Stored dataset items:
────────────────
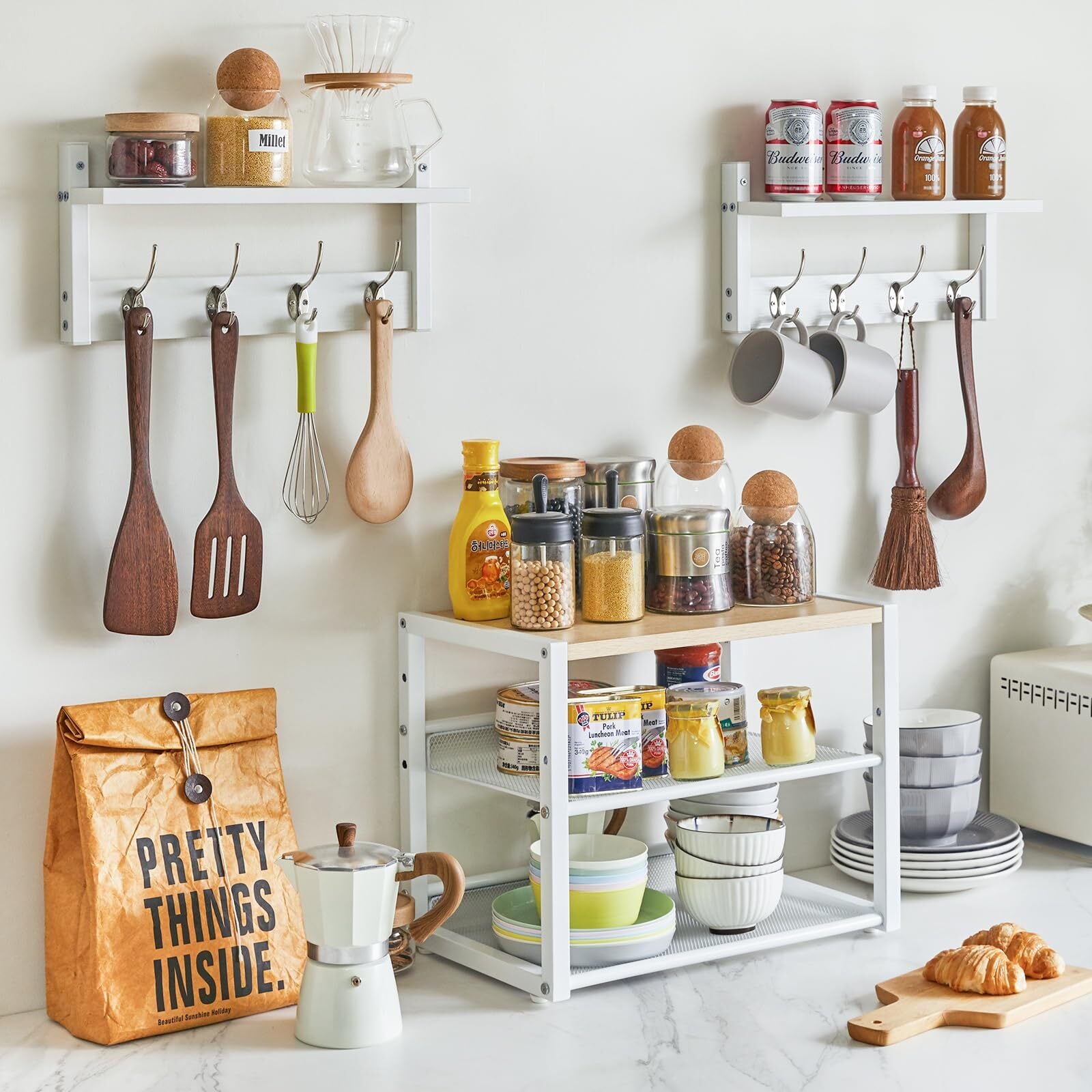 多機能デスクトップ収納:このプリンタースタンドは、家庭のオフィスだけでなく、キッチンの食器や電子レンジ、浴室の洗面用品、またはリビングでアクセサリーや植物を置くこともできます。 あなたはどんな場所にも置けます。
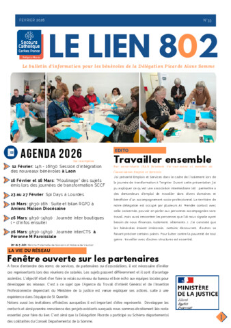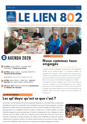 Le lien 802, c'est comme un mensuel. Ce 4 pages permet aux bénévoles de la Délégation Picarde de se tenir informés de l'actualité sur les 6 territoires de l'Aisne et de la Somme.
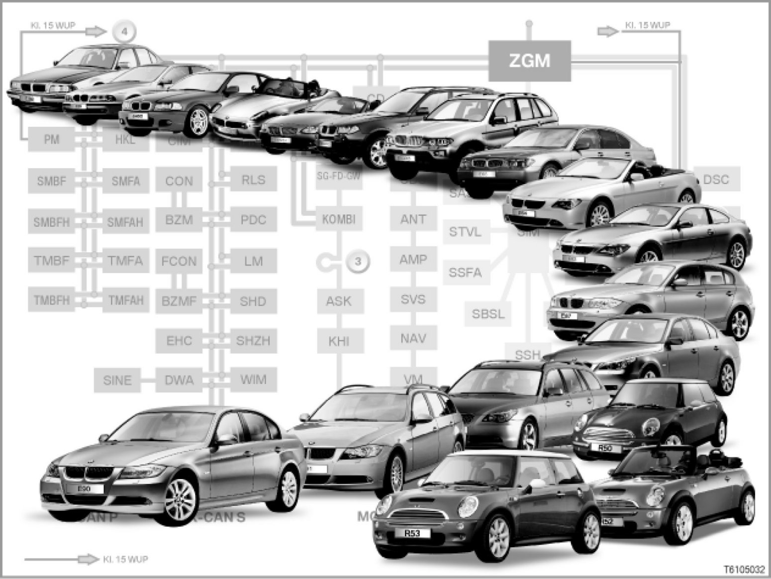 Since the start of series production of the E65 (electrical system 2000), the control unit designations have been harmonized. Earlier model series have varying control unit designations.
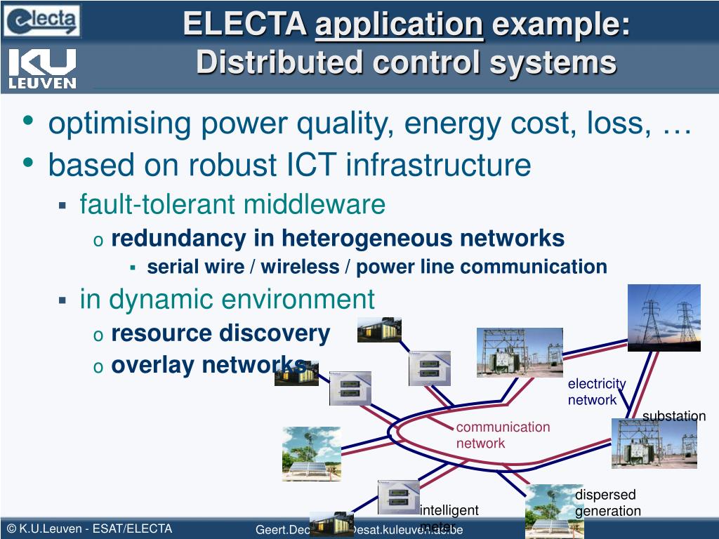 ELECTA application example:Distributed control systems electricity network substation communication network dispersed generation intelligent meter • optimising power quality, energy cost, loss, … • based on robust ICT infrastructure • fault-tolerant middleware • redundancy in heterogeneous networks • serial wire / wireless / power line communication • in dynamic environment • resource discovery • overlay networks Geert.Deconinck@esat.kuleuven.ac.be
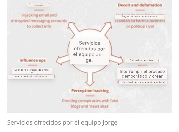 El equipo Jorge, como se llama los informes, afirma haber llevado a cabo campañas de desinformación y manipulación durante más de una década (o Manipulación e Intervención de Información Extranjera -FIMI), y que a veces se atribuían a China y Rusia, interfiriendo en 33 elecciones presidenciales, 27 de las cuales tuvieron éxito.
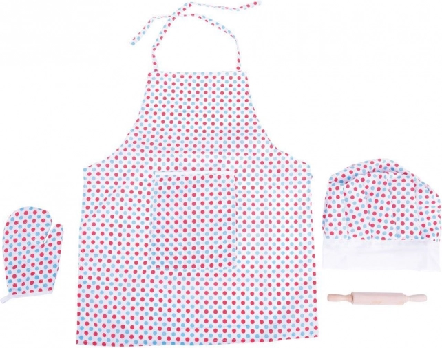 Geef jonge koks alles wat ze nodig hebben voor hun eerste baksels en leuk kookspel. Het lichte textiele schort met stippen beschermt kleding, de koksbaret is dankzij klittenband eenvoudig verstelbaar en de houten deegroller met metalen uitsteekvormpjes prikkelt creativiteit en plezier in maken.
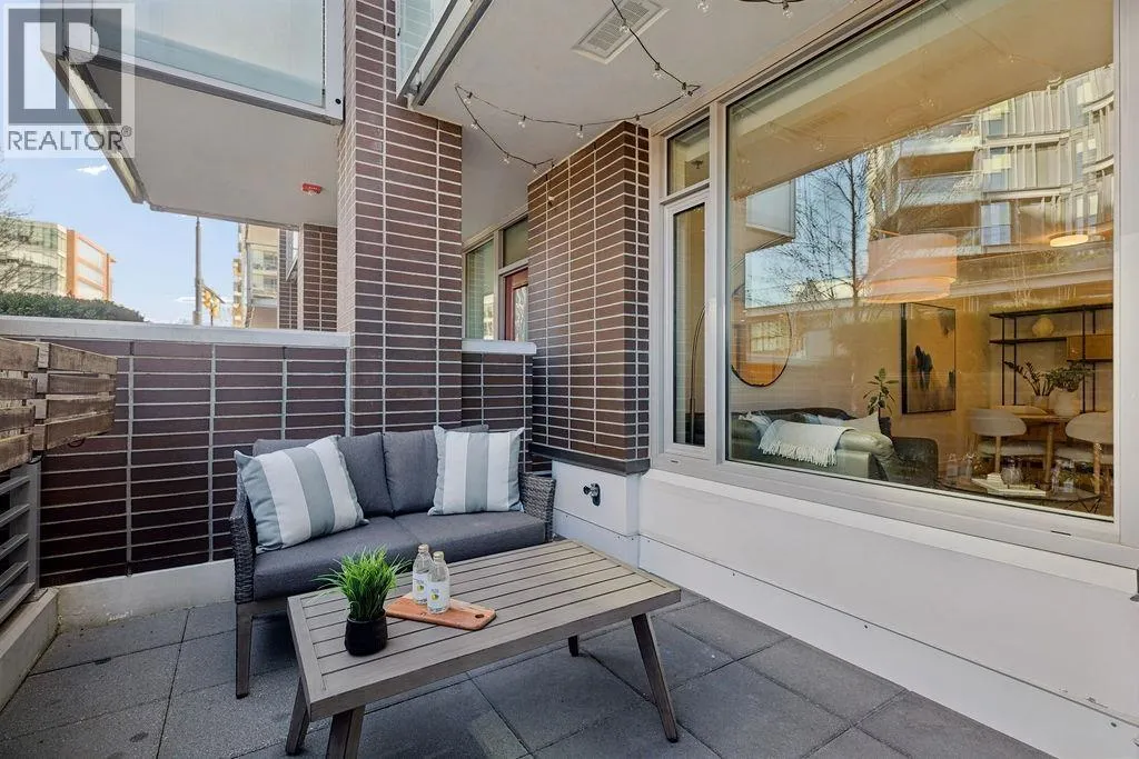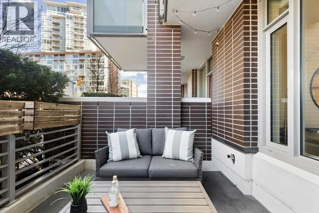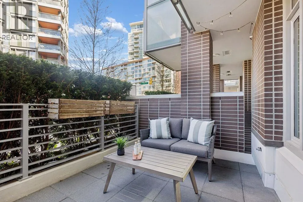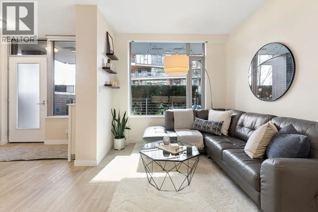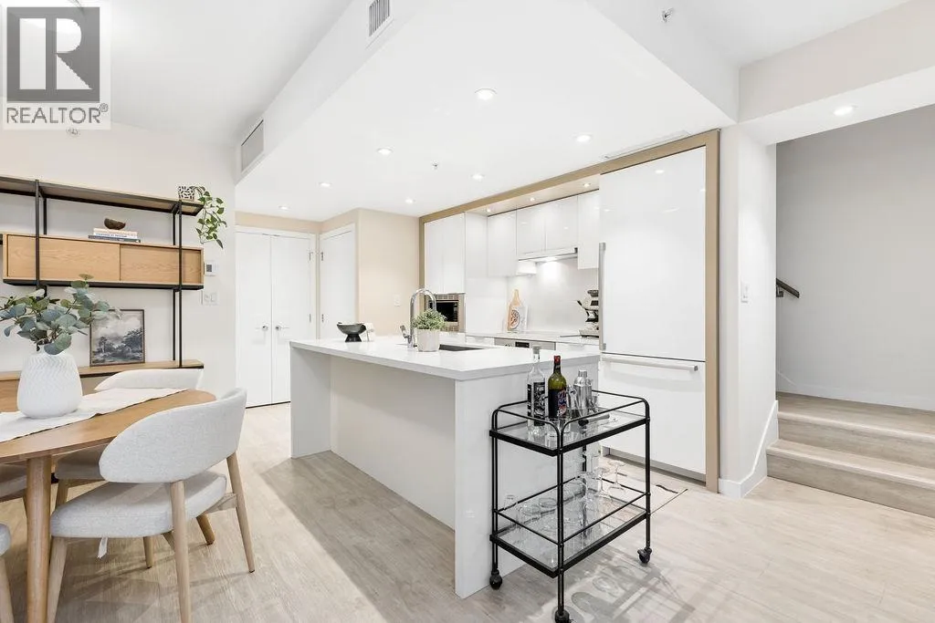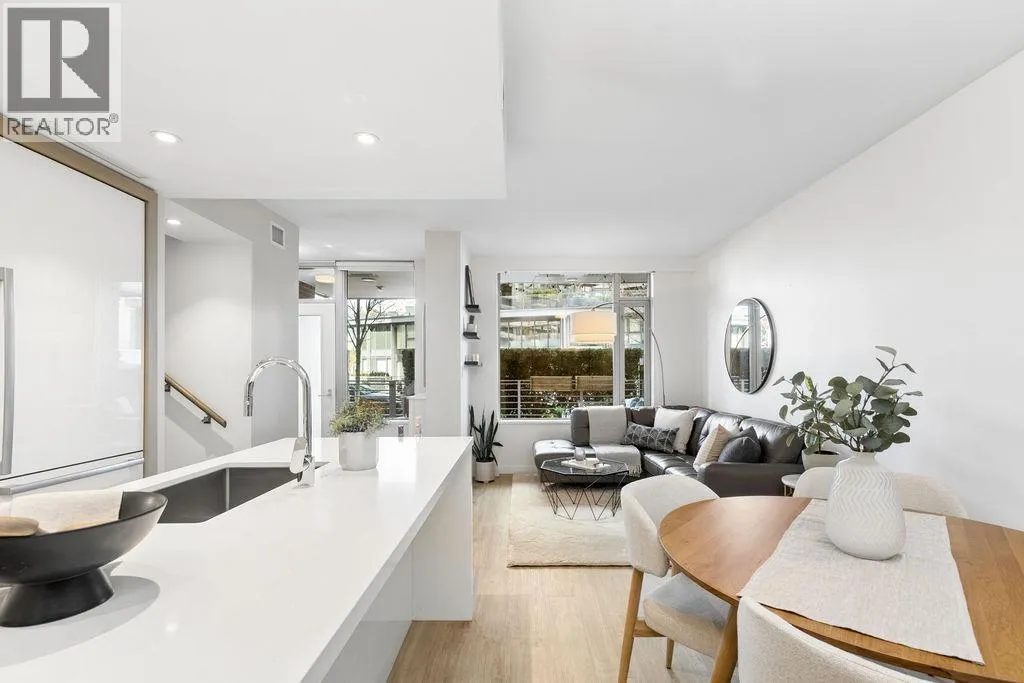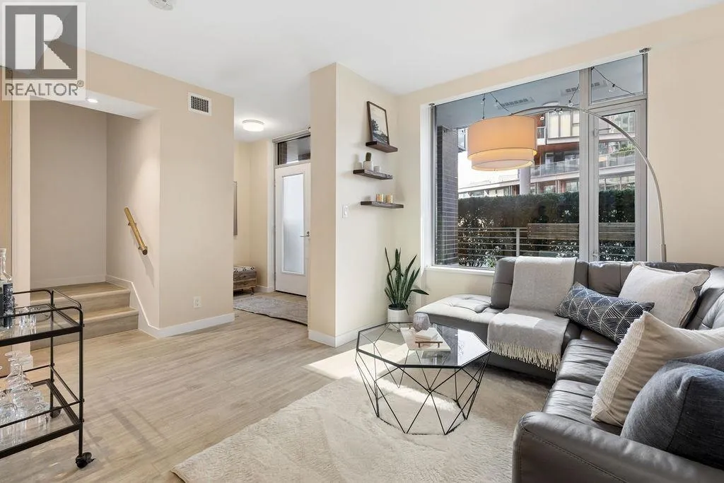 Welcome to this exceptional 2BED + DEN + FLEX TOWNHOME at VODA, a quality concrete building by CONCERT. With a PRIVATE ENTRANCE, this home spans two levels, providing separation between living and sleeping areas. Open-concept main floor features chef-inspired kitchen, OVERSIZE ISLAND with counter seating, bright living and dining areas which flow out to your PRIVATE PATIO. Unwind upstairs in your primary suite with walk-through closet & SPA-LIKE ENSUITE. The 2nd bedroom perfect for home office or guests. Soak in the sunset from your PRIVATE COVERED BALCONY. Enjoy year round comfort with AIR-CONDITIONING & premium amenities incl full-time CONCIERGE, FULLY EQUIPPED GYM, lounge, & rooftop deck with gardens. Just steps to the SEAWALL, SKYTRAIN, breweries, cafés, and restaurants. Includes 1 parking. (id:27476)
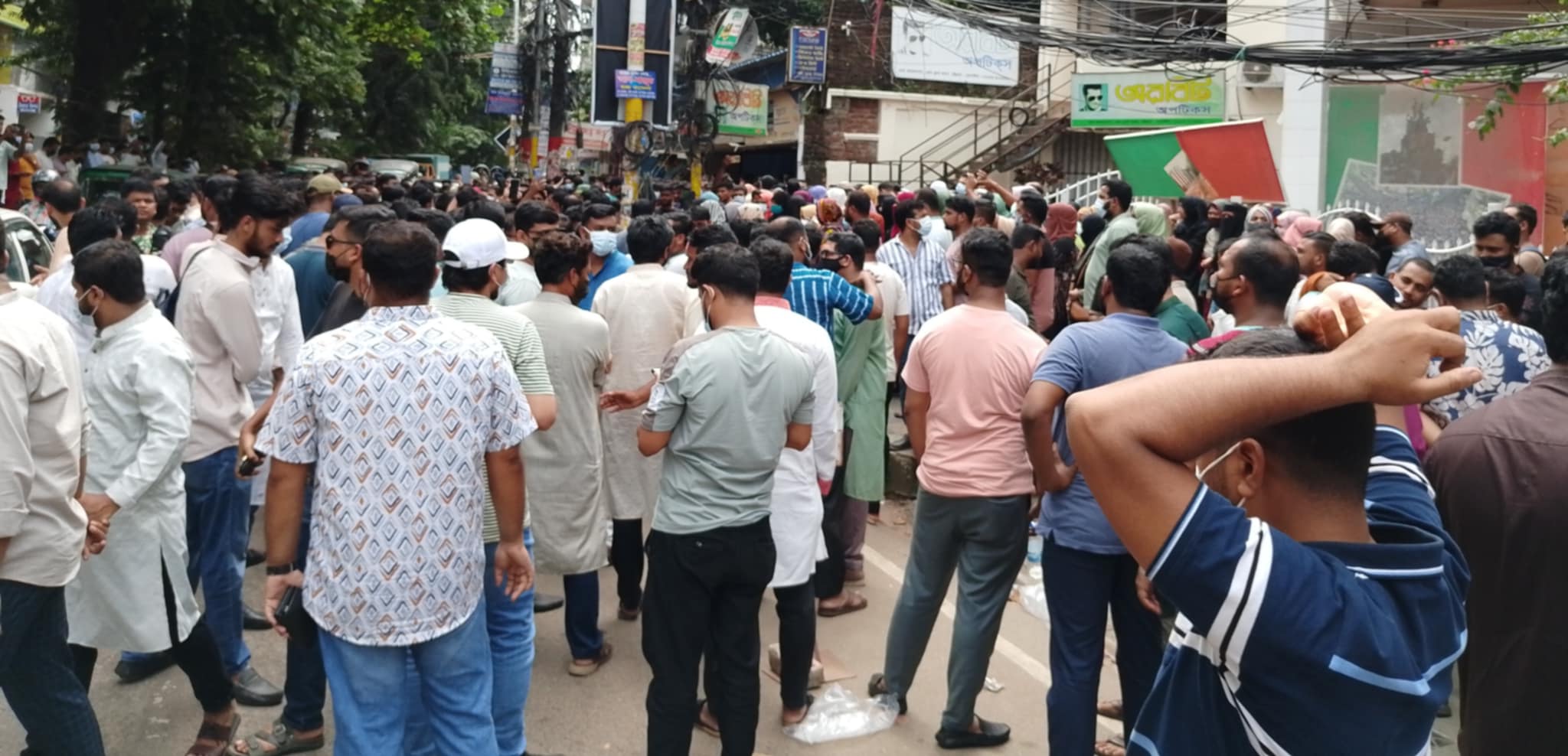 শুক্রবার সকাল থেকে চট্টগ্রামের বিভিন্ন জায়গা থেকে কর্মকর্তারা জামালখান এলাকায় জড়ো হন। বেলা ১১টার দিকে প্রেসক্লাব থেকে লিচু বাগান পর্যন্ত সড়কের দুই পাশে দাঁড়িয়ে তাঁরা মানববন্ধন করে এবং পরীক্ষার বিরুদ্ধে শ্লোগান দেন।
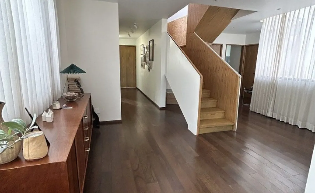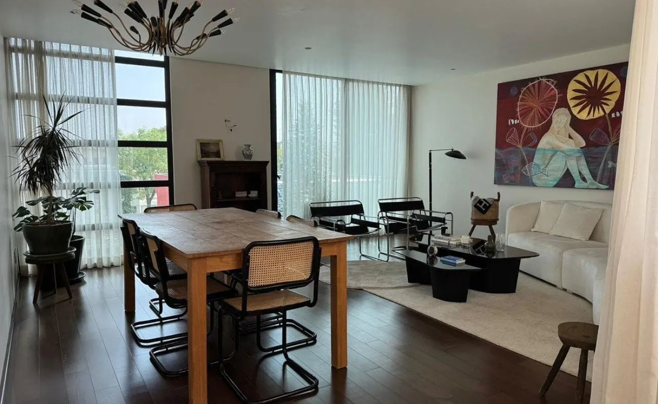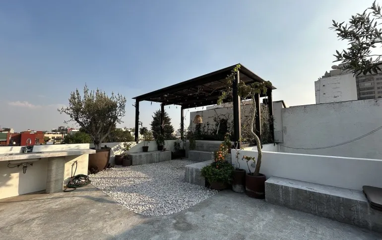 Está amueblado y equipado. Tiene 3 recámaras, 2.5 baños, 2 estacionamientos y rooftop privado con árboles frutales y family room.
────────────────
● **PROBLEM STATEMENT**
Copy out the entries verbatim and leave the images out.

● **OUTPUT BELOW**
 多機能デスクトップ収納:このプリンタースタンドは、家庭のオフィスだけでなく、キッチンの食器や電子レンジ、浴室の洗面用品、またはリビングでアクセサリーや植物を置くこともできます。 あなたはどんな場所にも置けます。
 Le lien 802, c'est comme un mensuel. Ce 4 pages permet aux bénévoles de la Délégation Picarde de se tenir informés de l'actualité sur les 6 territoires de l'Aisne et de la Somme.
 Since the start of series production of the E65 (electrical system 2000), the control unit designations have been harmonized. Earlier model series have varying control unit designations.
 ELECTA application example:Distributed control systems electricity network substation communication network dispersed generation intelligent meter • optimising power quality, energy cost, loss, … • based on robust ICT infrastructure • fault-tolerant middleware • redundancy in heterogeneous networks • serial wire / wireless / power line communication • in dynamic environment • resource discovery • overlay networks Geert.Deconinck@esat.kuleuven.ac.be
 El equipo Jorge, como se llama los informes, afirma haber llevado a cabo campañas de desinformación y manipulación durante más de una década (o Manipulación e Intervención de Información Extranjera -FIMI), y que a veces se atribuían a China y Rusia, interfiriendo en 33 elecciones presidenciales, 27 de las cuales tuvieron éxito.
 Geef jonge koks alles wat ze nodig hebben voor hun eerste baksels en leuk kookspel. Het lichte textiele schort met stippen beschermt kleding, de koksbaret is dankzij klittenband eenvoudig verstelbaar en de houten deegroller met metalen uitsteekvormpjes prikkelt creativiteit en plezier in maken.
 Welcome to this exceptional 2BED + DEN + FLEX TOWNHOME at VODA, a quality concrete building by CONCERT. With a PRIVATE ENTRANCE, this home spans two levels, providing separation between living and sleeping areas. Open-concept main floor features chef-inspired kitchen, OVERSIZE ISLAND with counter seating, bright living and dining areas which flow out to your PRIVATE PATIO. Unwind upstairs in your primary suite with walk-through closet & SPA-LIKE ENSUITE. The 2nd bedroom perfect for home office or guests. Soak in the sunset from your PRIVATE COVERED BALCONY. Enjoy year round comfort with AIR-CONDITIONING & premium amenities incl full-time CONCIERGE, FULLY EQUIPPED GYM, lounge, & rooftop deck with gardens. Just steps to the SEAWALL, SKYTRAIN, breweries, cafés, and restaurants. Includes 1 parking. (id:27476)
 শুক্রবার সকাল থেকে চট্টগ্রামের বিভিন্ন জায়গা থেকে কর্মকর্তারা জামালখান এলাকায় জড়ো হন। বেলা ১১টার দিকে প্রেসক্লাব থেকে লিচু বাগান পর্যন্ত সড়কের দুই পাশে দাঁড়িয়ে তাঁরা মানববন্ধন করে এবং পরীক্ষার বিরুদ্ধে শ্লোগান দেন।
 Está amueblado y equipado. Tiene 3 recámaras, 2.5 baños, 2 estacionamientos y rooftop privado con árboles frutales y family room.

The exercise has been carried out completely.